Q: What about the parity drives?
A: Since the parity files are (or, at least, should be) only written to during
snapraid sync
operations, there is no need to snapshot them, as the parity
files will always correspond with the read-only snapshots they were created
from. If a sync is interrupted, different sets of snapshots will correspond
with different portions of the parity file(s), and both sets of snapshots
should be retained until a sync is completed, at which point all previous
snapshots can be safely cleaned up. A snapper userdata key is used to keep
track of whether a snapraid sync
run on a set of snapshots completes
successfully (i.e., returns exit status 0) to ensure that
snapraid-btrfs cleanup
can handle this situation properly.
It is recommended that you use ext4 for the parity drives, since the metadata
overhead is extremely small with the right mkfs settings (minimum possible
number of inodes, minimum journal size (or journaling disabled), and no space
reserved for root - see man mke2fs
for more details), and because for the
parity drives, there is no real use for any of the features which btrfs
offers over ext4.
Q: What about the SnapRAID "content" files?
A: Just like the parity files, these do not need to be snapshotted. If they are stored on the data drives, they should be in a dedicated subvolume, separate from the one where the data is stored.
Q: What about the space consumed by the snapshots?
A: Running out of parity space is not an issue (at least, no more of an issue
than it is without the use of snapshots), since only one snapshot at a time is
used for a sync. You may temporarily run out of space on the data drives if you
replace existing files with new data, but you can always free up that space by
doing a new sync with new snapshots, and then deleting the old snapshots using
the snapraid-btrfs cleanup
command.
In the worst case (which occurs when the array is almost full), as changes are
made to the array, the use of snapshots will double the time spent syncing the
changes into the parity, but the capacity of the array will not be affected.

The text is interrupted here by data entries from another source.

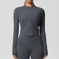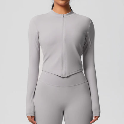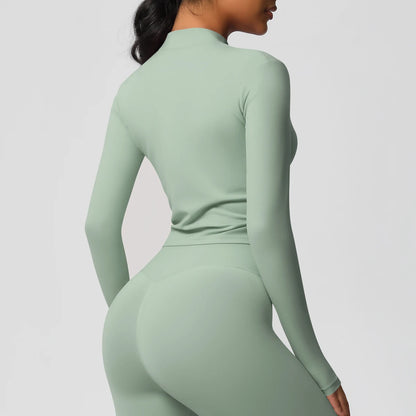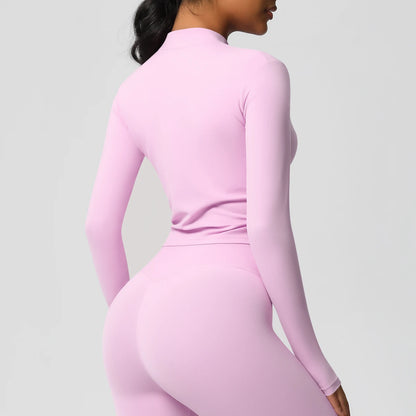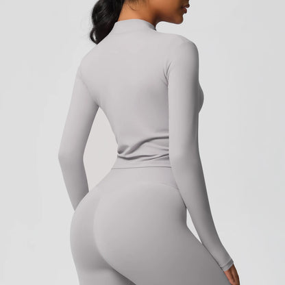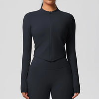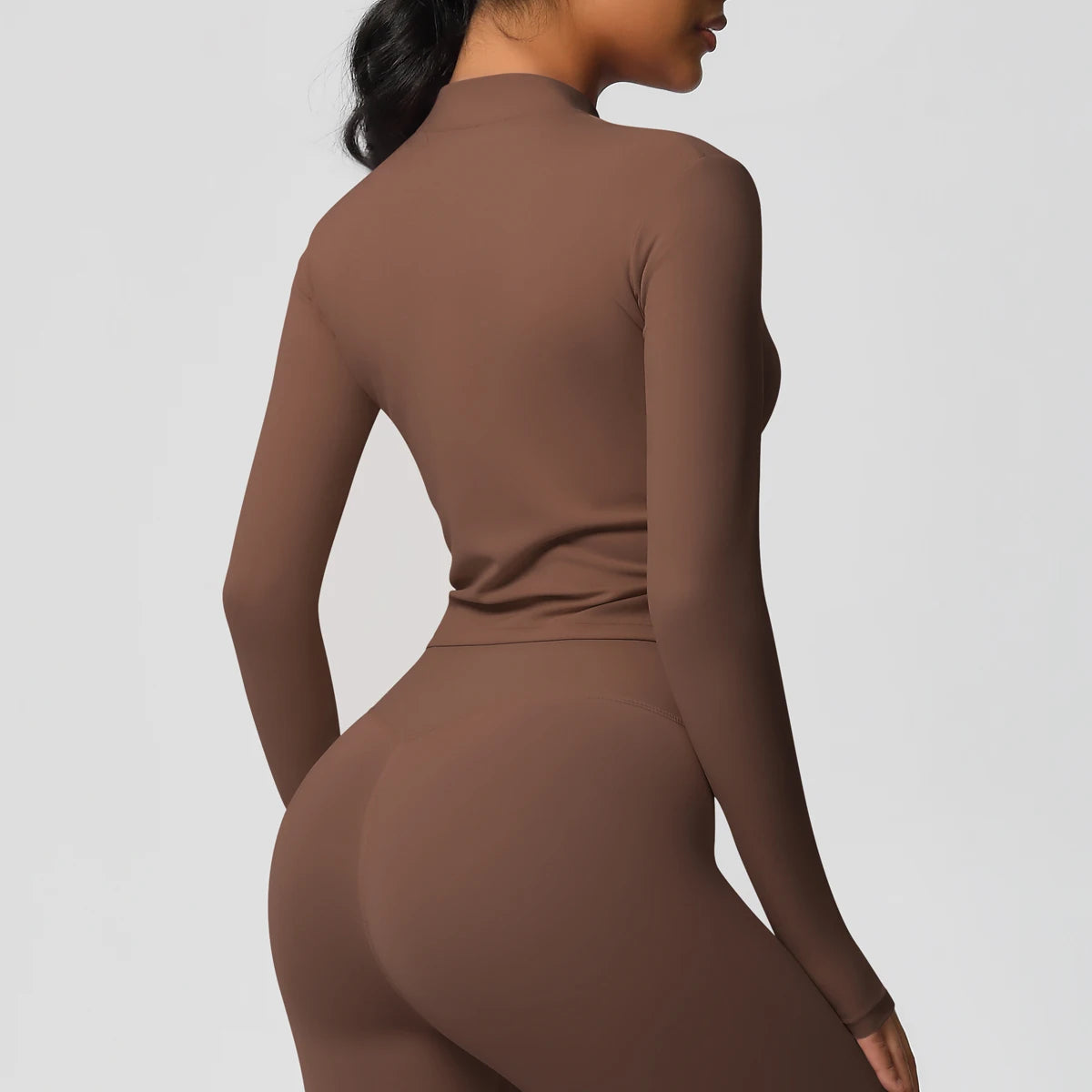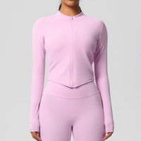 Com modelagem cropped e design ajustado, oferece conforto e liberdade de movimento. Possui zíper frontal, mangas longas e tecido de secagem rápida, ideal para corrida, academia e esportes em geral. Perfeita para quem busca elegância e funcionalidade em uma única peça!
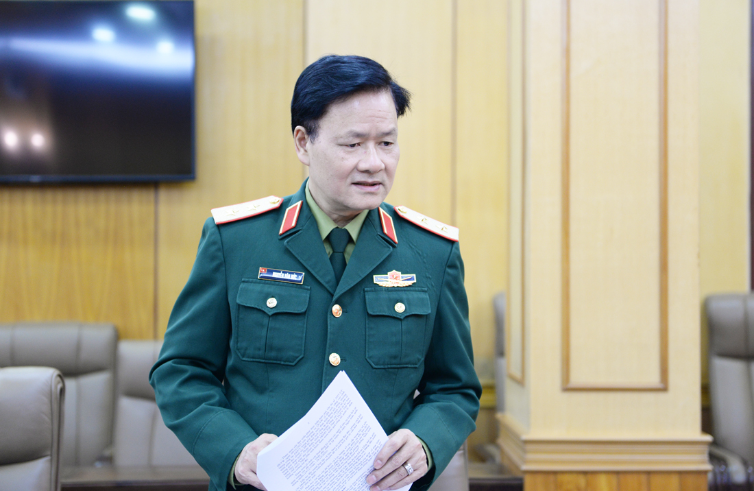 Trung tướng Nguyễn Văn Đức, Cục trưởng Cục Tuyên huấn trình bày báo cáo tại buổi làm việc.
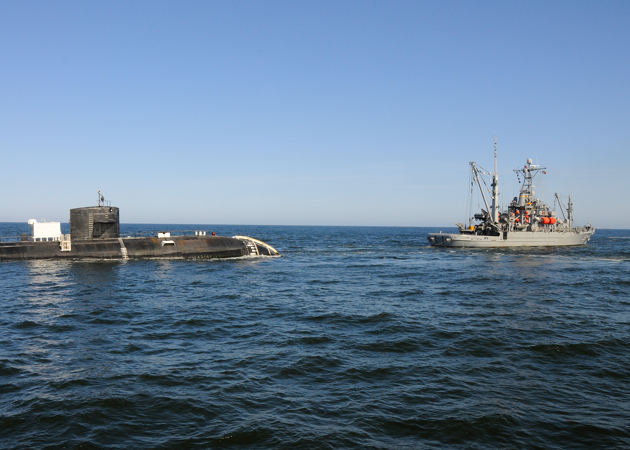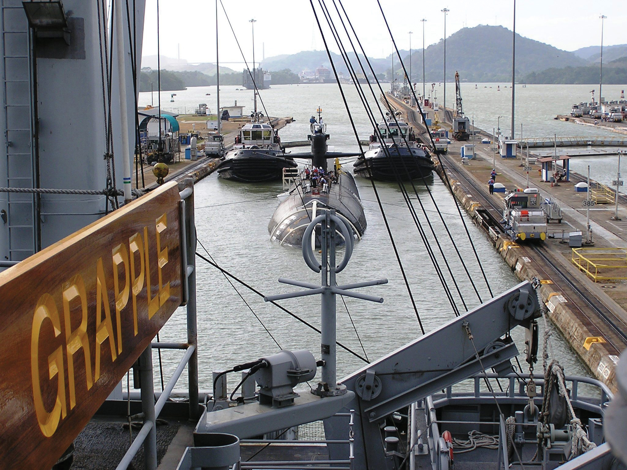 880k | USNS Grapple (T-ARS-53) escorting the decommissioned nuclear-powered attack submarine ex-USS Hyman G. Rickover (SSN-709) through the Panama Canal in April 2008 after towing the submarine 3,600 miles from Kittery, ME. Photo courtesy of USNS Grapple. | Robert Hurst | |
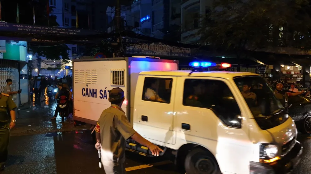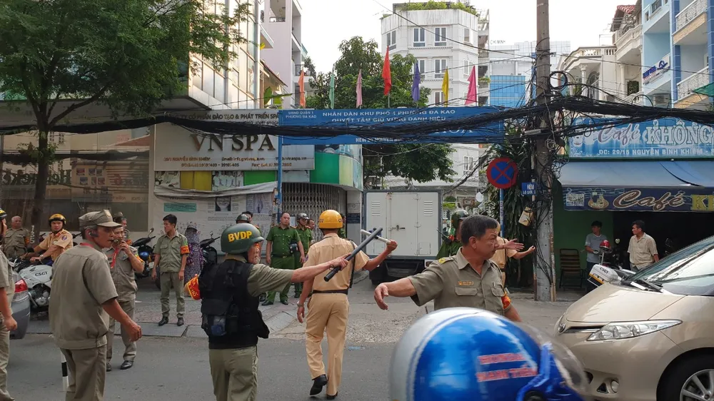 Chiều 4-10, Công an quận 1 phong tỏa hoàn toàn khu vực hẻm 29 để tiến hành thực nghiệm hiện trường vụ xâm phạm chỗ ở xảy ra ở nhà số 29 Nguyễn Bỉnh Khiêm, phường Đa Kao, quận 1.
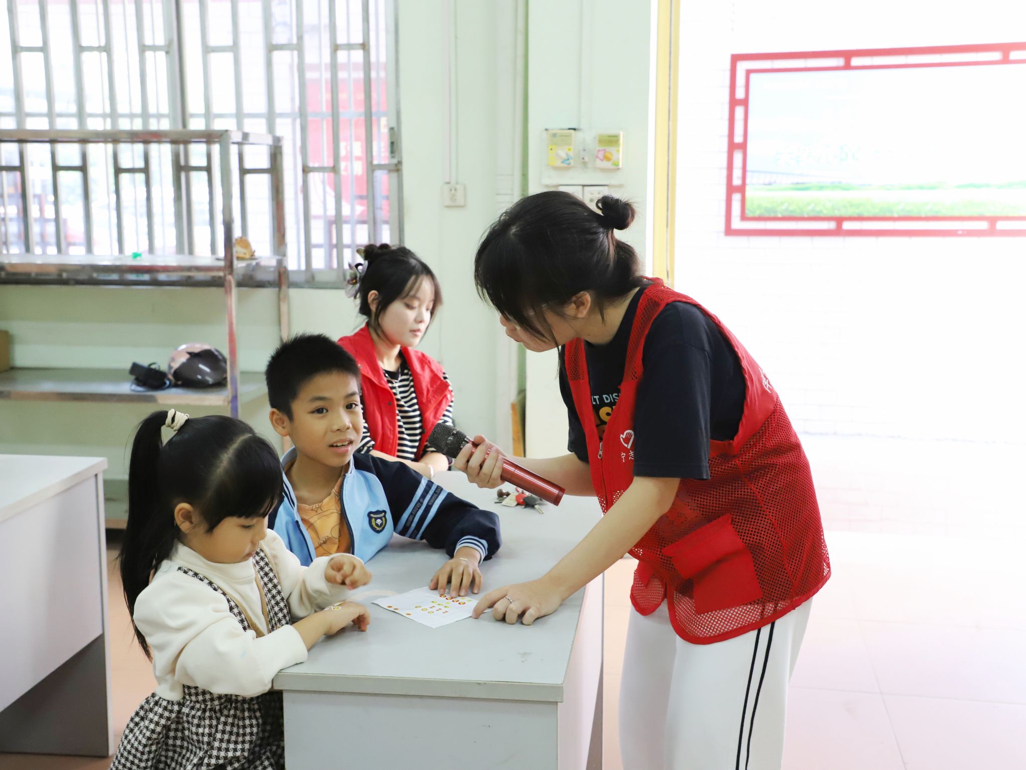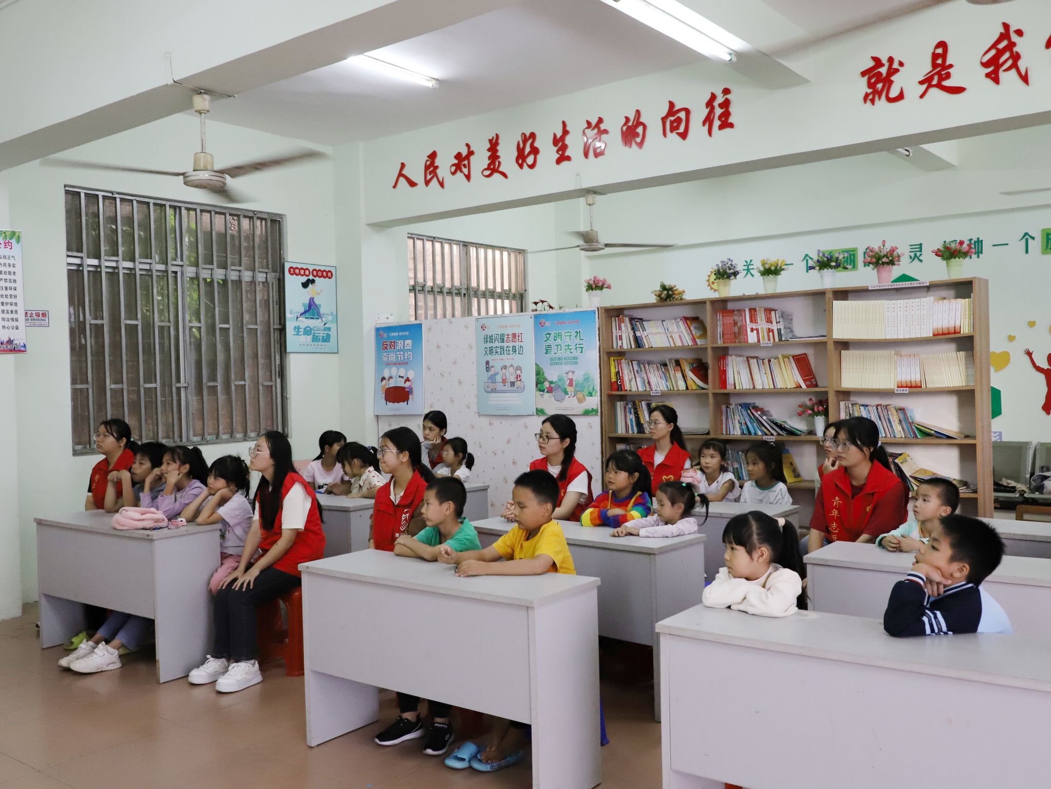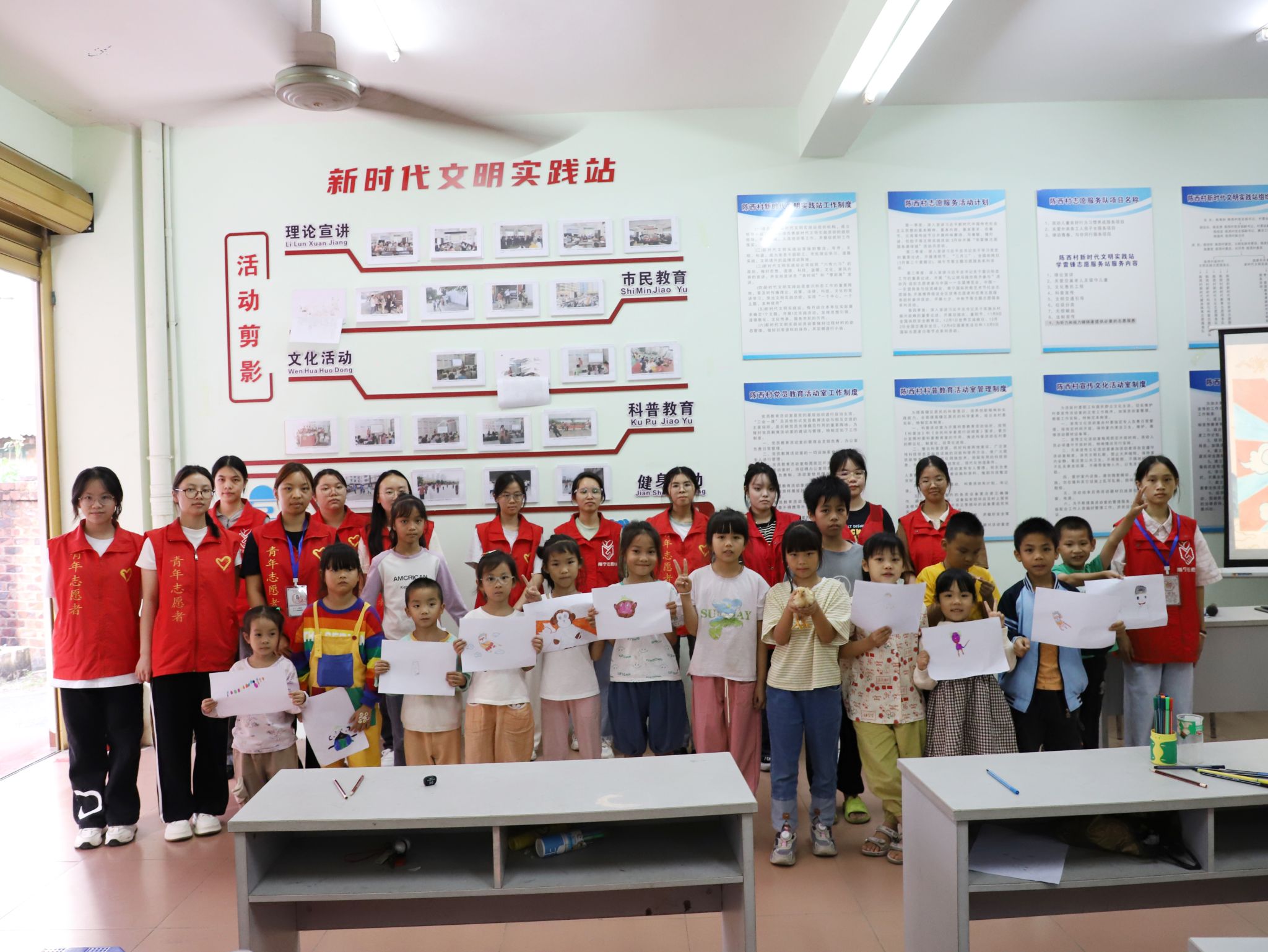 志愿者和小朋友们合影

To the extent you do not have extra space to spare, after deleting files, you
will have to sync them out of the parity before the space they occupy can be
freed using snapraid-btrfs cleanup
, allowing you to add new files, following
which a second sync operation would be required to add them to the parity.
If you have enough space to spare, you can add the new data before the initial
sync instead of waiting until after the post-sync cleanup, in which case the
speed of syncing is no different than without snapraid-btrfs
. And you can
reduce the amount of free space required to avoid the worst-case behavior by
syncing more frequently, before the live filesystem diverges too much from the
snapshots, and always running snapraid-btrfs cleanup
after each successful
sync.
This is an unavoidable limitation of the protection provided by
snapraid-btrfs
, and the same price would be paid for any solution to the
problem snapraid-btrfs
aims to solve - e.g. moving files to a directory which
is excluded in the SnapRAID config file before deleting them. To preserve the
ability to restore the array to the state it was in at the time of the last
sync even if files are modified or deleted, those files must be saved somewhere
until the parity has been brought up to date.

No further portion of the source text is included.